Bake Challah with Rabbi Ilana!

by GatherDC Staff / March 27, 2020

Rabbi Ilana is so excited to share her famous challah recipe with you (adapted from Modern Jewish Baker). Follow along, and then be sure to tag GatherDC in your final product on Facebook or Instagram. Happy baking and Shabbat Shalom!
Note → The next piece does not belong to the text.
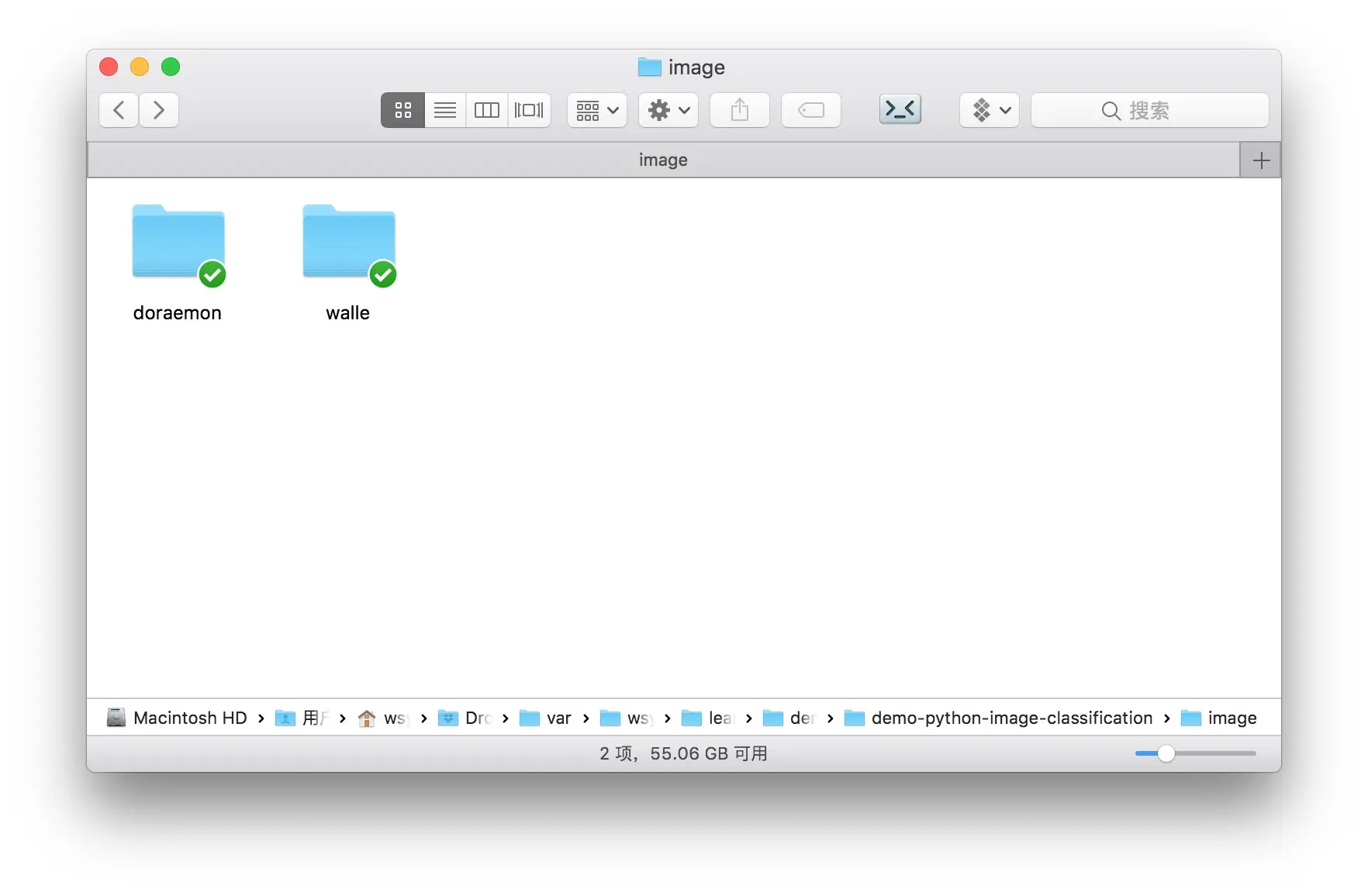 前面介绍了,image下,有哆啦a梦和瓦力这两个文件夹。注意如果将来你需要辨别其他的图片(例如猫和狗),请把不同类别的图片也在image中分别存入不同的文件夹,这些文件夹的名称就是图片的类别名(cat和dog)。

  • 1 1/2 tablespoons dry active yeast
  • 1/2 cup + 2 tablespoons + 1/2 teaspoon sugar
  • 1 1/4 cup lukewarm water 4 1/2-5 cups of unbleached bread flour
  • 1/2 tablespoon fine sea salt
  • 1/4 cup vegetable oil
  • 2 large eggs

For the topping:

  • 1-2 egg yolks
  • Any toppings you want like sesame seeds, everything toppings, salt


  • In a small bowl, place the yeast, 1/2 teaspoon of sugar and lukewarm water. Stir gently. Allow to sit for 5-10 minutes, until the mixture becomes foamy at the top.
  • In a large bowl, mix together 1 1/2 cups of flour, the salt, and 1/2 cup of sugar (plus two tablespoons of sugar if you want a sweeter challah). Add the yeast mixture and oil to flour. Mix thoroughly. Add another cup of flour and eggs and mix until smooth.
  • Add another 1 1/2-2 cups of flour and mix. Either remove the dough from the bowl and knead on a clean, floured surface of knead in the bowl itself. Add flour as needed, 5 minutes.
  • Place the dough in a greased bowl and cover with a bowl. Place in a warm spot, like over a warm oven and allow to rise for 3 hours. You can also cover the bowl with plastic wrap or tin foil and allow to rise overnight in the fridge.
  • Divide the dough in two and make two challahs (or rolls). Once you braid, place challahs on baking sheets lined with parchment paper or a silicone mat.
  • Preheat oven to 375 degrees and allow challahs to rise for another hour on top of the oven.
  • Once the dough has doubled in size, beat an egg yolk and brush over challahs. Add toppings. Place baking sheets in the oven and bake for 24-26 minutes, or until golden brown.